As I have said many, many times before, Conjecture is not a deep shift in my beliefs about open sourcing, as it is not, and has never been, the position of EleutherAI (at least while I was head) that everything should be released in all scenarios, but rather that some specific things (such as LLMs of the size and strength we release) should be released in some specific situations for some specific reasons. EleutherAI would not, and has not, released models or capabilities that would push the capabilities frontier (and while I am no longer in charge, I strongly expect that legacy to continue), and there are a number of things we did discover that we decided to delay or not release at all for precisely such infohazard reasons.
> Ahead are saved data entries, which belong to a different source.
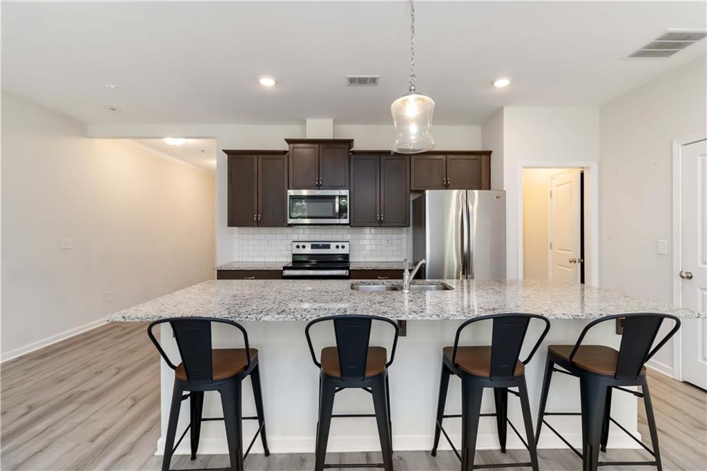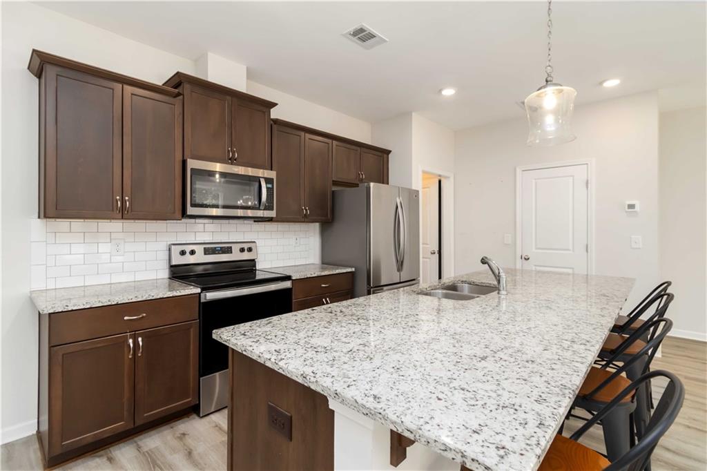 1039 Collections Drive, Lawrenceville, GA 30043 – Step into luxury living at The Collection at Wolf Creek, a gated townhome community in the heart of Lawrenceville. This spacious 2,297 sq ft, 3-story home features 4 bedrooms, 3.5 baths, and an open floor plan filled with natural light. The gourmet kitchen shines with upgraded finishes and overlooks the living and dining areas, perfect for entertaining. Retreat upstairs to a private suite with its own balcony, while secondary bedrooms offer plenty of comfort and space. Enjoy a backyard with a concrete patio, ideal for relaxing outdoors. This smart-home-ready property is equipped with wireless access points and Ethernet throughout, ensuring seamless connectivity. Conveniently located within 5 miles of Hwy 316 and I-85 and zoned to Gwinnett County’s top-rated schools. A rare opportunity to enjoy modern design, smart technology, and gated community living all in one.
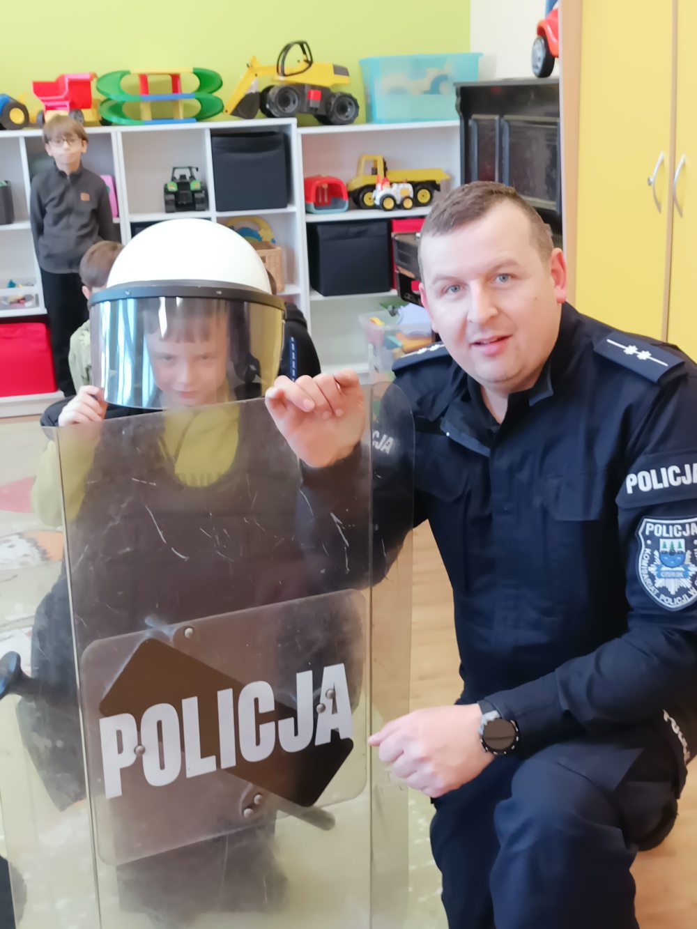 W czwartek naszą szkołę odwiedzili funkcjonariusze Marek Jasnoch i Tomasz Goncz z Komisariatu Policji w Czersku, którzy przeprowadzili zajęcia edukacyjne dla uczniów. Spotkanie miało na celu przybliżenie dzieciom zasad bezpieczeństwa oraz pokazanie, jak wygląda codzienna praca policjanta. Podczas zajęć dzieci poznały podstawowe zasady bezpiecznego poruszania się po drodze, dowiedziały się, jak reagować w sytuacjach zagrożenia oraz dlaczego warto dbać o własne bezpieczeństwo. Policjanci opowiadali także o swojej służbie, prezentując elementy umundurowania i wyposażenia. Największą atrakcją dla dzieci była możliwość przymierzenia części policyjnego sprzętu. Dzięki takiej wizycie dzieci nie tylko poszerzyły swoją wiedzę, ale także nabrały większej świadomości na temat bezpieczeństwa i roli policji w społeczeństwie.
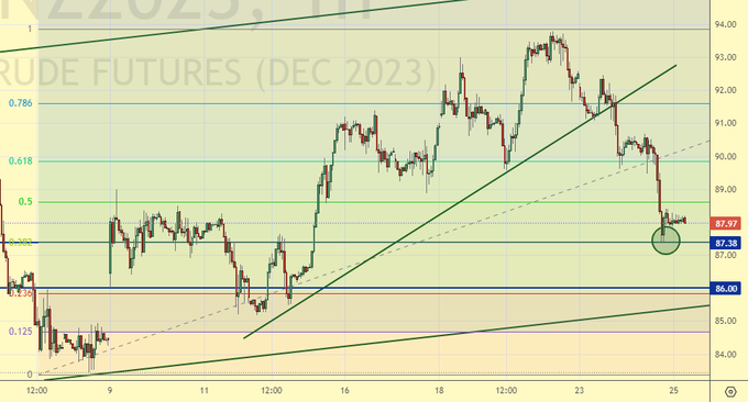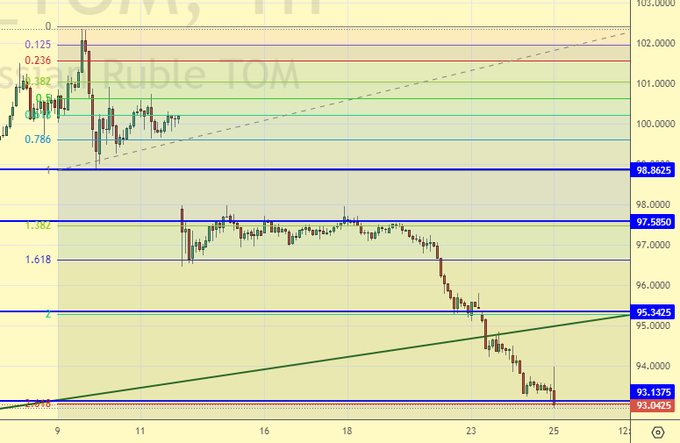 Продажа: при подходе к 95.40. Стоп: 95.80. Цель: 87.00.
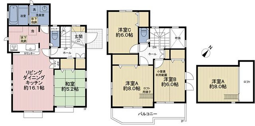 | 設備・サービス | バルコニー、フローリング、下水、都市ガス、ロフト付き、室内洗濯機置場、温水洗浄便座、専用トイレ、専用バス、追焚機能、シャワー付洗面化粧台、洗面所独立 | ||||
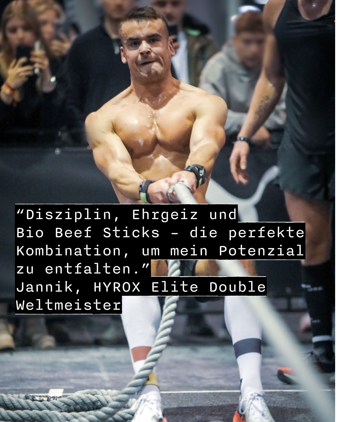 Mehr zu Jannik erfahrenJannik Czapla ist HYROX Elite Double Weltmeister 2025! Für Höchstleistungen setzt Jannik auf natürliche Snacks wie Bio Beef Sticks, die ihm den nötigen Energie-Boost liefern.
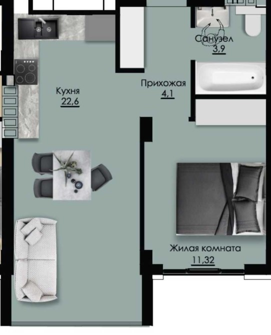 Общая площадь 42 кв.м, просторная кухня-студия 22 кв.м.
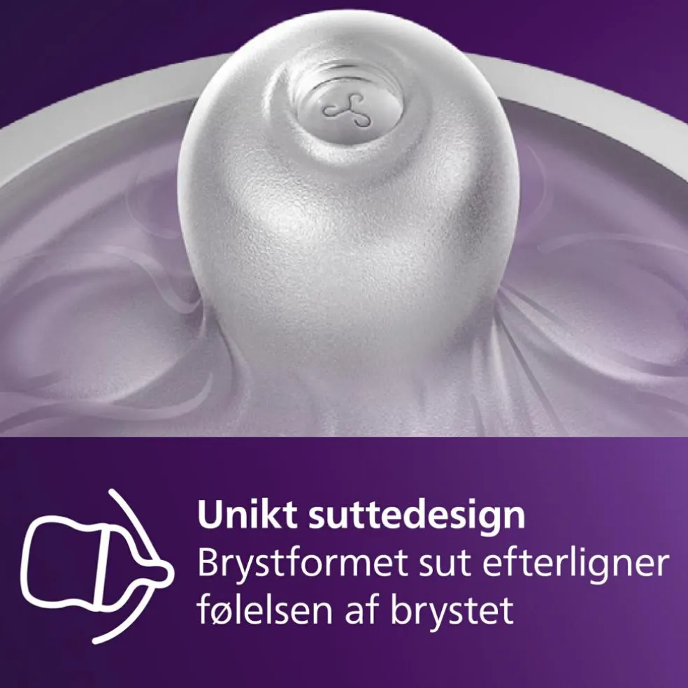 Natural Response-sutten passer til din babys naturlige sutterytme, hvilket gør det nemt at kombinere amning og sutteflaske.
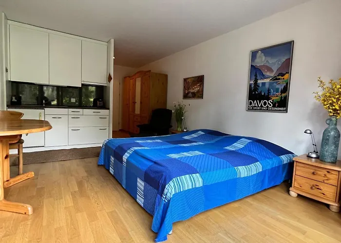 مكان الإقامة يقع على بعد حوالي 10 دقائق بالسيارة من مركز أو لا لا للصحة. يقع وسط المدينة على بعد 4 كم فقط، ويقع مطار سانت غالين على بعد 115 كم من هذه الشقة بمساحة 32 مترًا مربعًا. مكان الإقامة يقع في غضون 25 دقائق تقريبًا مشياً على الأقدام من بحيرة دافوس.

Conjecture of course is even stricter and has opsec that wouldn’t be possible at a volunteer driven open source community.
Additionally, Carper is not part of EleutherAI and should be considered genealogically descendant but independent of EAI.
Hi Connor,
Thank you for taking the time to share your insights. I’ve updated the post to incorporate your comment. I removed the phrase suggesting a change in beliefs between EleutherAI and Conjecture, and added a paragraph that clarifies EleutherAI’s approach to open sourcing. I also made sure to clearly state that CarperAI is a spinoff of EleutherAI but operates independently.
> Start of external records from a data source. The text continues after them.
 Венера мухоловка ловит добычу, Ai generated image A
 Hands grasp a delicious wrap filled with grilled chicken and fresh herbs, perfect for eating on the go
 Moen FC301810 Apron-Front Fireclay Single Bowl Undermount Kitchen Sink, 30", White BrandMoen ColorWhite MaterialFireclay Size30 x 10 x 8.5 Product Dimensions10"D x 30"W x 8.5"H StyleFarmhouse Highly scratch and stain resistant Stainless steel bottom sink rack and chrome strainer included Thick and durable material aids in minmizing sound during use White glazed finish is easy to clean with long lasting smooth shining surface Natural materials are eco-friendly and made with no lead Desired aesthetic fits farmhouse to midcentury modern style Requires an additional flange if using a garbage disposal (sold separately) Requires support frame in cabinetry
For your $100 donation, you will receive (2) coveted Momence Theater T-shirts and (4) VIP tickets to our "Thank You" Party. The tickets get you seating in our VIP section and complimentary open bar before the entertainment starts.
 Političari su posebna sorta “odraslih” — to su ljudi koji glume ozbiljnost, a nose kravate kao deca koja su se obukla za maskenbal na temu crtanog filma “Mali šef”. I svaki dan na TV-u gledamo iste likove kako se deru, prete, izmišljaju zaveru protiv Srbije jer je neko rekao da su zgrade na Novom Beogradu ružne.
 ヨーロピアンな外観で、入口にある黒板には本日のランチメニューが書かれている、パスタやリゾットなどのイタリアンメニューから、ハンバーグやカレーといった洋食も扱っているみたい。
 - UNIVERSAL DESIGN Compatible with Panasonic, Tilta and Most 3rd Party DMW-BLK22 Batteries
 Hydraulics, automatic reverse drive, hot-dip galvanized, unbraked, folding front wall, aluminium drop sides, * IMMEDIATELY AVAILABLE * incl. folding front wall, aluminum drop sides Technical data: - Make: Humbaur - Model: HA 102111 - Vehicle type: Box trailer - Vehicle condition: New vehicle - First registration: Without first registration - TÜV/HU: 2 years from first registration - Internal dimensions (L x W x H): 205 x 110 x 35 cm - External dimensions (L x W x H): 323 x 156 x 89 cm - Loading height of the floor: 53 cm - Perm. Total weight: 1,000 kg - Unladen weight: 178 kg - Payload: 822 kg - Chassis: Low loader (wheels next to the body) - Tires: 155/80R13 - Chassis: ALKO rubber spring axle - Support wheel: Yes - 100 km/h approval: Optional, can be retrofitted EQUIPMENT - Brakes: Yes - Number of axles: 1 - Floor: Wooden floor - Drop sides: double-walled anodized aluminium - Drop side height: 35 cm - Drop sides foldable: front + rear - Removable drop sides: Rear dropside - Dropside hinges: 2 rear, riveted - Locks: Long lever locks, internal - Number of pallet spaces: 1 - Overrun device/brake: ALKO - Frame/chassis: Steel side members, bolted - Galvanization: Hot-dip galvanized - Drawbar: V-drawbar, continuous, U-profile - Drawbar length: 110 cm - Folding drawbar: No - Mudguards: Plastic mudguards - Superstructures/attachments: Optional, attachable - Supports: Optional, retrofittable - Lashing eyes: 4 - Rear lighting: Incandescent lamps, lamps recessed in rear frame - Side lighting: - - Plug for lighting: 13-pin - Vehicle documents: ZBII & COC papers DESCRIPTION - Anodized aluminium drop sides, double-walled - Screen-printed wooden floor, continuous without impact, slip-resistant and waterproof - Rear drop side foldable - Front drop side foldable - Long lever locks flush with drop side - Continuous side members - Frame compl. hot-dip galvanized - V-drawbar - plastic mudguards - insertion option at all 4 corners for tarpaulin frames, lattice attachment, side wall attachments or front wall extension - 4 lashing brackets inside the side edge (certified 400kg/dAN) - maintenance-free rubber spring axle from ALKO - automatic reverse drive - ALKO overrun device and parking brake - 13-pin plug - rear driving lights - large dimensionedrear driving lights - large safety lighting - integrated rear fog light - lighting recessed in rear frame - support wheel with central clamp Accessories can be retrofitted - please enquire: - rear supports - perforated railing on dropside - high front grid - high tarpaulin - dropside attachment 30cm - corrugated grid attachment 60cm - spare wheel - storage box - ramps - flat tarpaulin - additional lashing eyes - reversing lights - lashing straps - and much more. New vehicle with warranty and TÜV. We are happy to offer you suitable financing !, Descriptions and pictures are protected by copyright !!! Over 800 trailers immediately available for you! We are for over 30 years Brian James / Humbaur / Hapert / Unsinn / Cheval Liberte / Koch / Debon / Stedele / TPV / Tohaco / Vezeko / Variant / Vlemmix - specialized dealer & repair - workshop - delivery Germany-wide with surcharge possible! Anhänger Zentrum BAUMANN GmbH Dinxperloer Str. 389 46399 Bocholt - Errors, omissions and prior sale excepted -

I appreciate your feedback, and I hope these changes better represent EleutherAI’s position.
Thanks!
Related (in the opposite direction): In favor of accelerating problems you’re trying to solve
I am worried that many of your suggestions are anathema to open source. For example, your Favor structured access suggestion is forbidden by the Open Source Initiative.
I would recommend suggestions that are more likely to be acted on, and to play to the open source community’s strengths. For example, I imagine the open source community would be receptive to and especially good at violet teaming.
On ‘violet teaming’: I think this phrase is a careless analogy which drags attention in an unhelpful direction, and dislike the way the phrase analogizes this to red-teaming—they’re actually very different kinds of activities and occur at different levels of abstraction / system-scope and use different skills.
Working to make institutions etc. more resilient seems great to me, but I wouldn’t want to assume that using the same technology is necessarily the best way to do that. Set up a great ‘resilience incubator’ and let them use whatever tools and approaches they want!
Hi Chris,
Thank you for your comment. I am not entirely convinced that open-sourcing advanced AI, akin to nukes, is a good idea. My preference is for such powerful technologies to remain difficult to access in order to mitigate potential risks.
That being said, I agree that it’s important to explore solutions that align with the open source community’s strengths, such as violet teaming. I’ll consider your input as I continue to refine my thoughts on this matter.